#### Instructions for the task
Omit the pictures and output exactly the lines from the start of the entries through the line containing "[This review was".

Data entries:

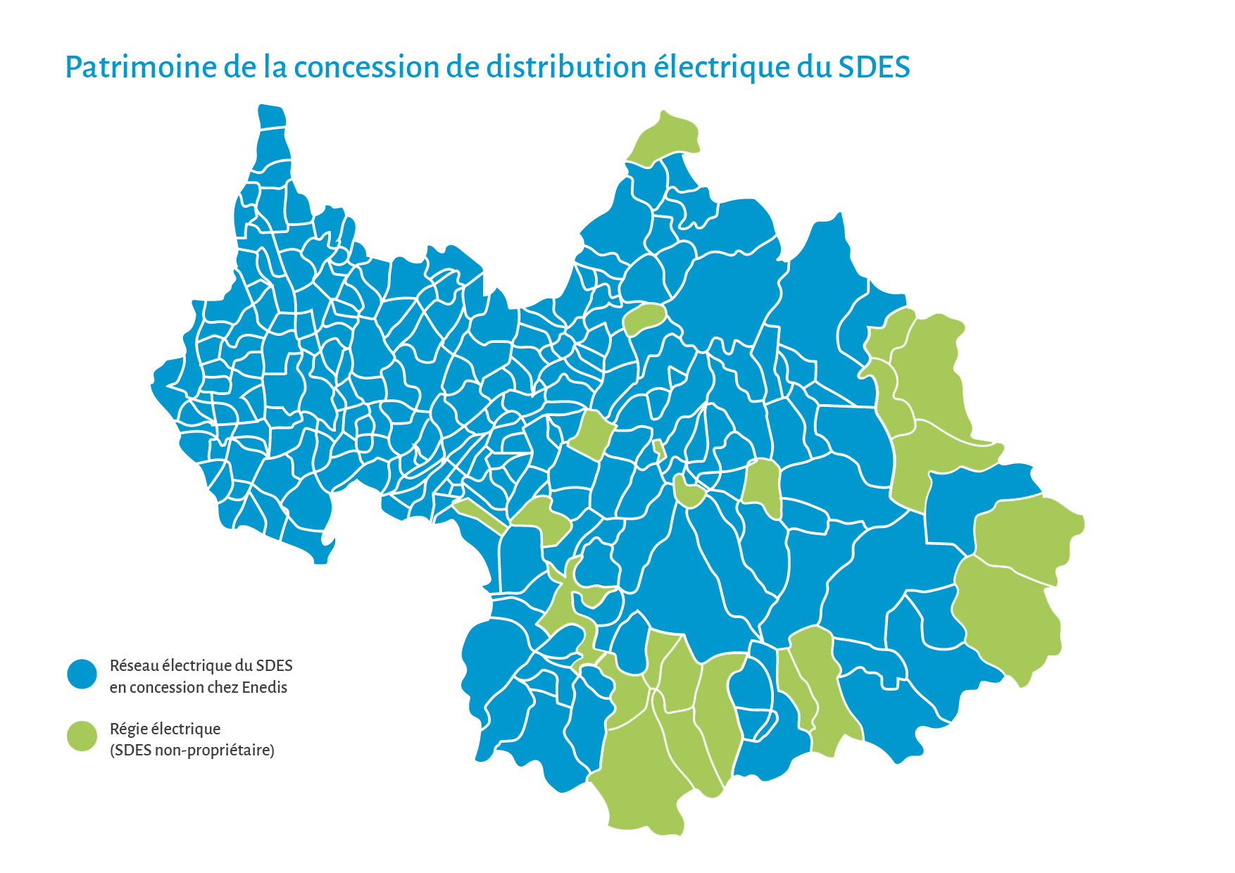 En 1996 les communes transfèrent leur compétence et leur patrimoine au SDES. L’objectif étant de se rassembler au sein d’une collectivité unique (à l’exception des régies électriques). Mais également de signer un contrat unique avec le concessionnaire obligé, désigné par l’Etat : Enedis (anciennement EDF puis ERDF).
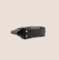 The tote features silver-tone hardware, flat handles, leather trim embellishment, nylon lining and zip closure at top.
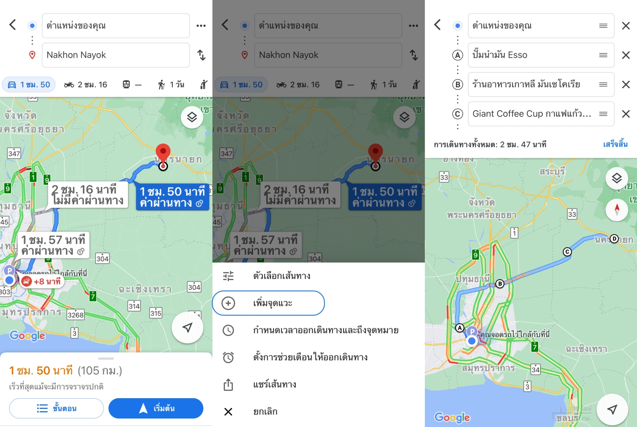 ตัวอย่างฟีเจอร์บน Google Maps ที่สามารถนำมาใช้เพื่อช่วยจัดการการเดินทาง
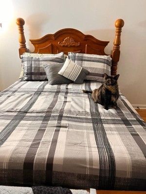 [This review was collected as part of a promotion.] I recently received the Rudy Plaid Comforter Set and it came with two shams, two decorative pillows and one comforter. First impressions: It looks very good. The comforter and shams give a classy look and the decorative pillows really add on an extra touch of class. The quality of the ensemble is also quite good. I haven't washed it as yet to be able to comment on how it washes. The comforter keeps me cool and as it is summer right now that is great. I will have to try them in winter to comment on its suitability in keeping me warm. The shams are standard size. I would loved if it came with a matching sheet set so that it would have been a complete complimenting set. Having said that. I really like everything in the current set and I'm satisfied with it!
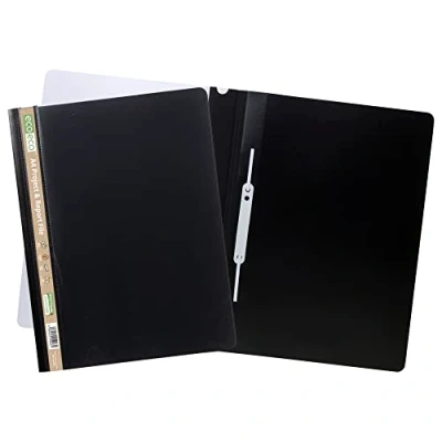 Strong black 350 micron cover A4 file, ideal for project and reports. Front clear 180 micron cover 2 pronged mechanism Securely holds up to 25 sheets of punched A4 paper (80gsm) Removeable spine presentation card for personalisation Responsibly sourced materials and responsibly produced. Made from 50% recycled materials, product and packaging both 100% recyclable
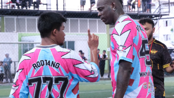 มาริโอ บาโลเตลลี่ อดีตกองหน้าทีมชาติอิตาลี ตอบรับคำเชิญของ รถถัง จิตรเมืองนนท์ นักมวยไทยชื่อดังมา ร่วม ลงสนามในศึกฟุตบอลเดินสาย รายการ ”ลูกทรายกองดิน ลีก“ ที่ สนาม ดับเบิ้ล พี. ซอคเกอร์
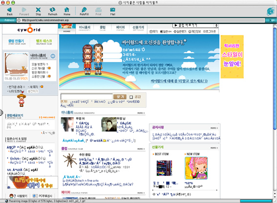 OS 버전과 프로그램 버전이 어떻게 되죠? 질문을 하실때에는... 매킨토시의 기종, OS 버전, 프로그램 버전을 정확히 적어주셔야 토맥의 고수님들이 빠르게 답변~해 주시겠죠...^^ 예 : "G4(866) / OS 9.2.2 / explorer 5.1.7 를 사용하는데... 싸이에 들어가면 글씨가 깨져 보여욤...^^;; preferences >>> language/font 에서 언어를 korea로 서체는 서울체나, 한강체로 변경해보셔요.
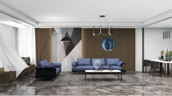 比如,將大理石元素運用于客廳,鋪貼在背景墻上(一整面墻或是局部),自然的紋理、純凈的底色,可以讓這個兼具會客功能的生活區(qū)域更具品質(zhì)感與格調(diào),美觀大氣。
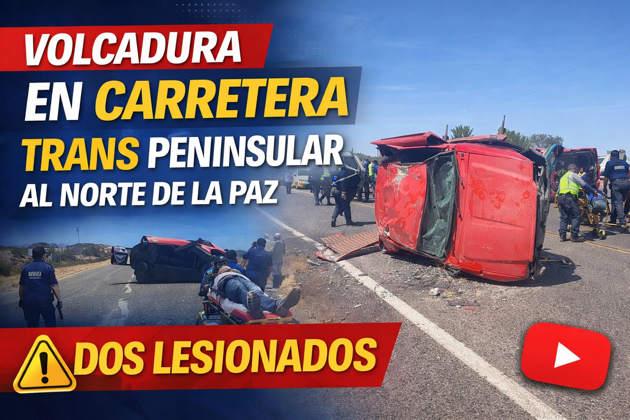 La Paz (California) — Dos hombres resultaron lesionados luego de que una camioneta volcara la tarde del sábado 14 de marzo sobre la carretera Transpeninsular, a la altura del kilómetro 25, al norte de la ciudad de La Paz. El hecho fue reportado alrededor de las 14:00 horas a través del sistema de emergencias C4, donde se alertó a las autoridades sobre un accidente vehicular en esa vialidad.
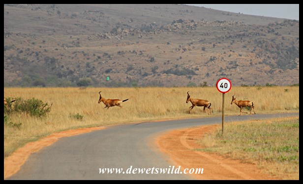 kgaswane-october-2016-26 ← Previous Next → Red Hartebeest on the run, totally ignoring the speed limit!
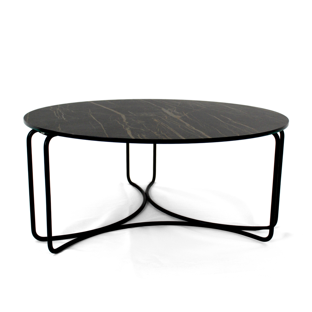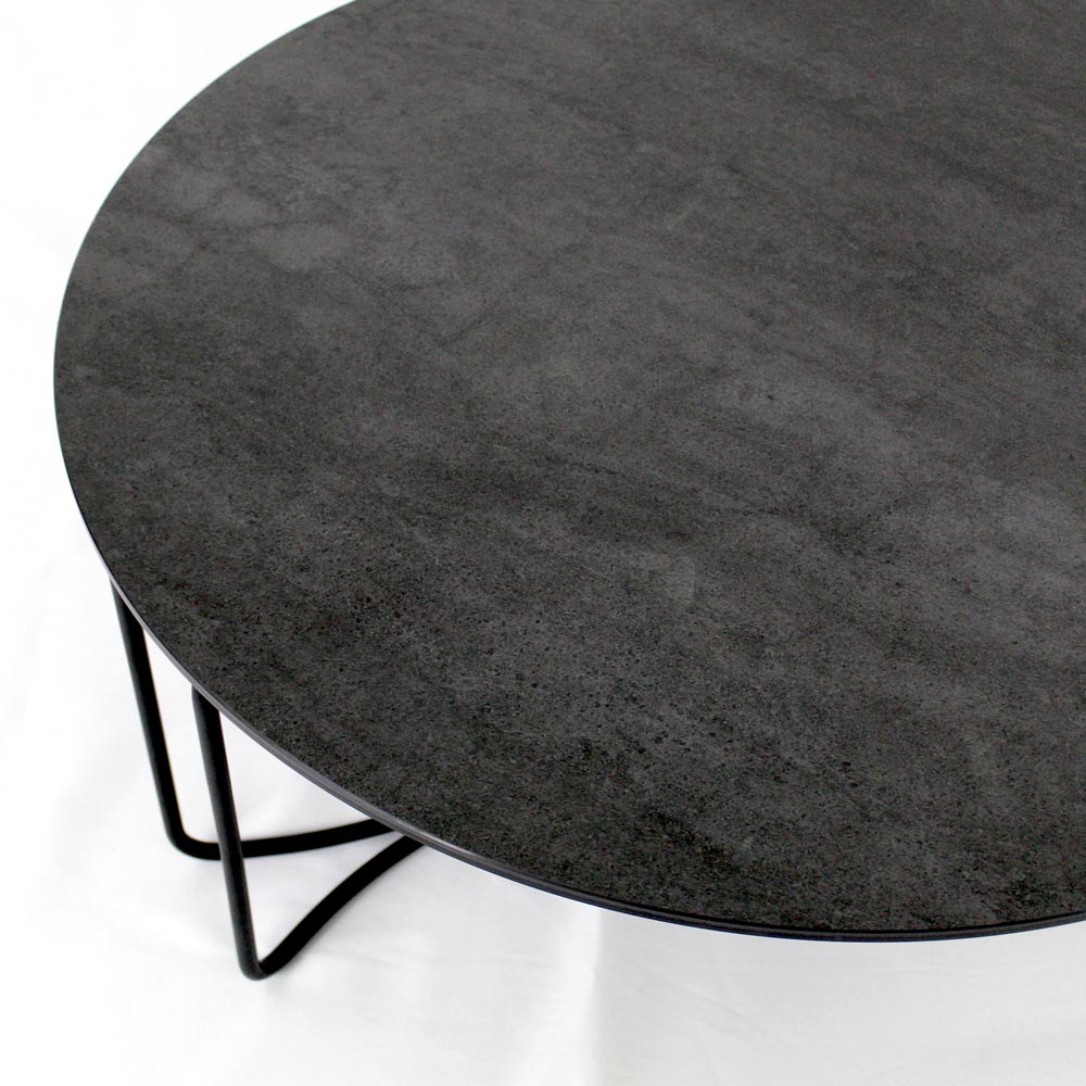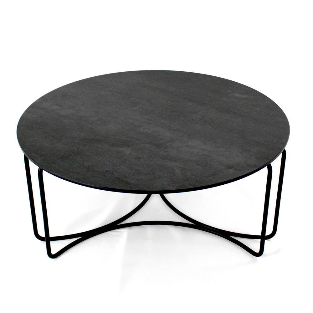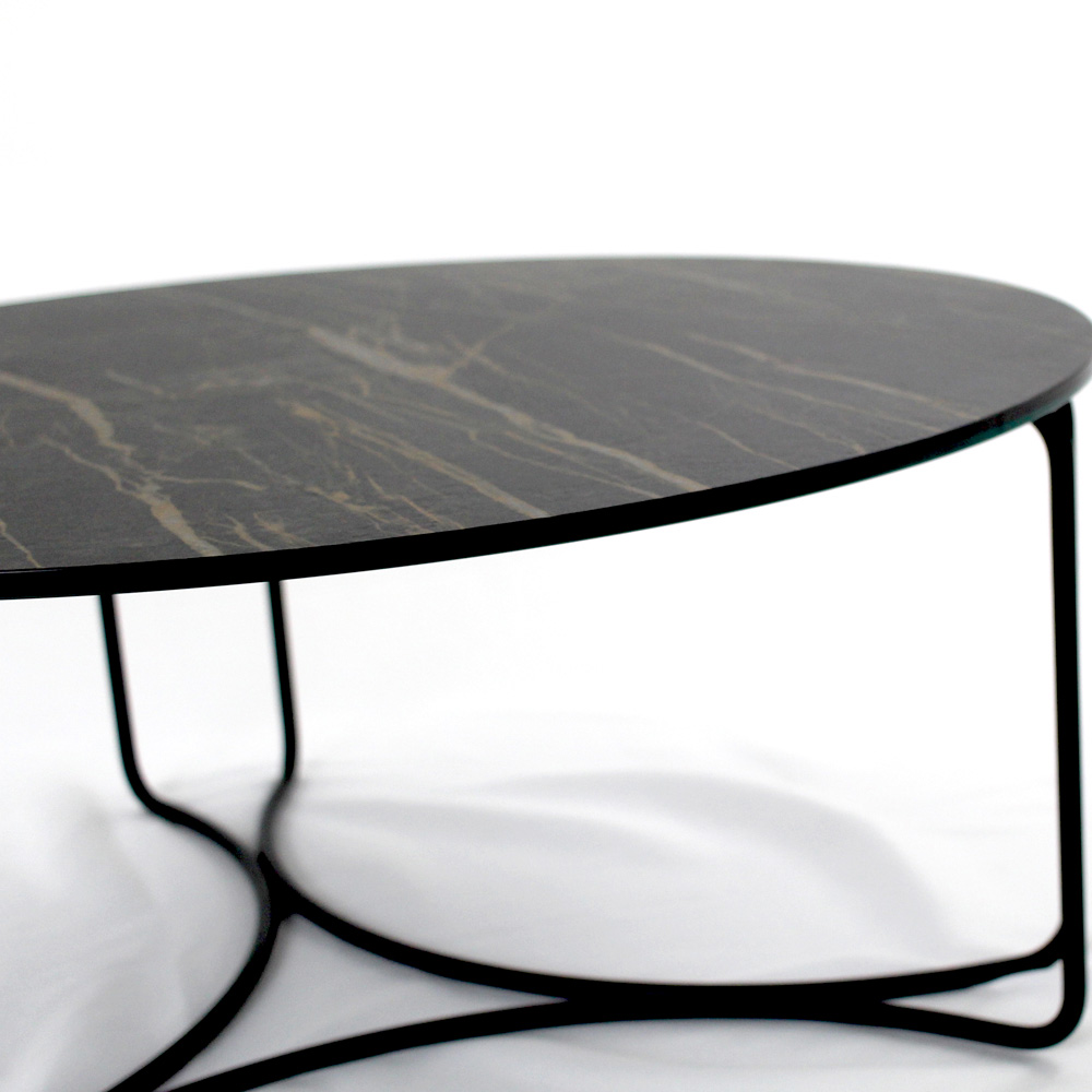 Rundt sofabord med understel af malet stål og top af porcelæn i stentøj.
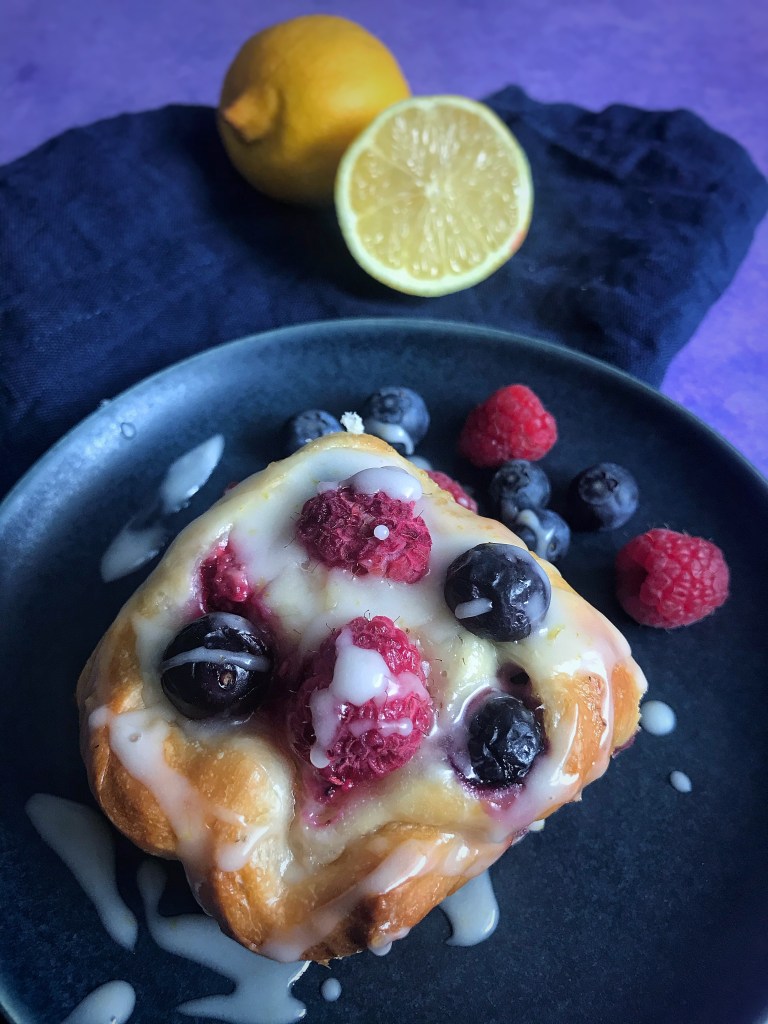 Da es ja aktuell eine kleine Herausforderung ist frische Hefe und Mehl zu finden, hab ich mir einfach einen fertigen Hefeteig geschnappt und damit Beerenschnecken gemacht 💜
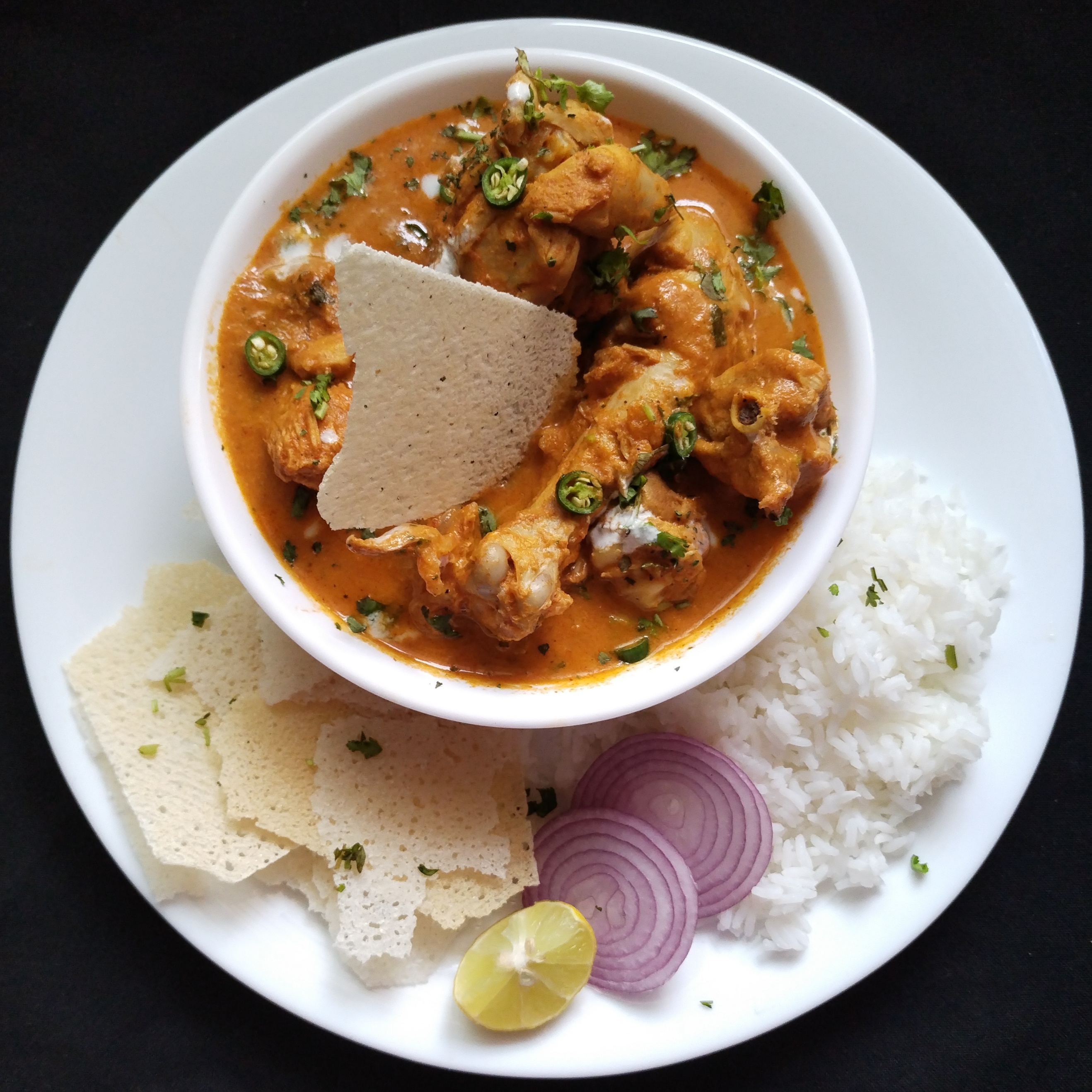 Chiken ๐ Changezi Restaurant Style. Its Traditionally Served With ๐ Rice / Kori Rotti or Neer Dosa.

#### Answer box
 En 1996 les communes transfèrent leur compétence et leur patrimoine au SDES. L’objectif étant de se rassembler au sein d’une collectivité unique (à l’exception des régies électriques). Mais également de signer un contrat unique avec le concessionnaire obligé, désigné par l’Etat : Enedis (anciennement EDF puis ERDF).
 The tote features silver-tone hardware, flat handles, leather trim embellishment, nylon lining and zip closure at top.
 ตัวอย่างฟีเจอร์บน Google Maps ที่สามารถนำมาใช้เพื่อช่วยจัดการการเดินทาง
 [This review was collected as part of a promotion.] I recently received the Rudy Plaid Comforter Set and it came with two shams, two decorative pillows and one comforter. First impressions: It looks very good. The comforter and shams give a classy look and the decorative pillows really add on an extra touch of class. The quality of the ensemble is also quite good. I haven't washed it as yet to be able to comment on how it washes. The comforter keeps me cool and as it is summer right now that is great. I will have to try them in winter to comment on its suitability in keeping me warm. The shams are standard size. I would loved if it came with a matching sheet set so that it would have been a complete complimenting set. Having said that. I really like everything in the current set and I'm satisfied with it!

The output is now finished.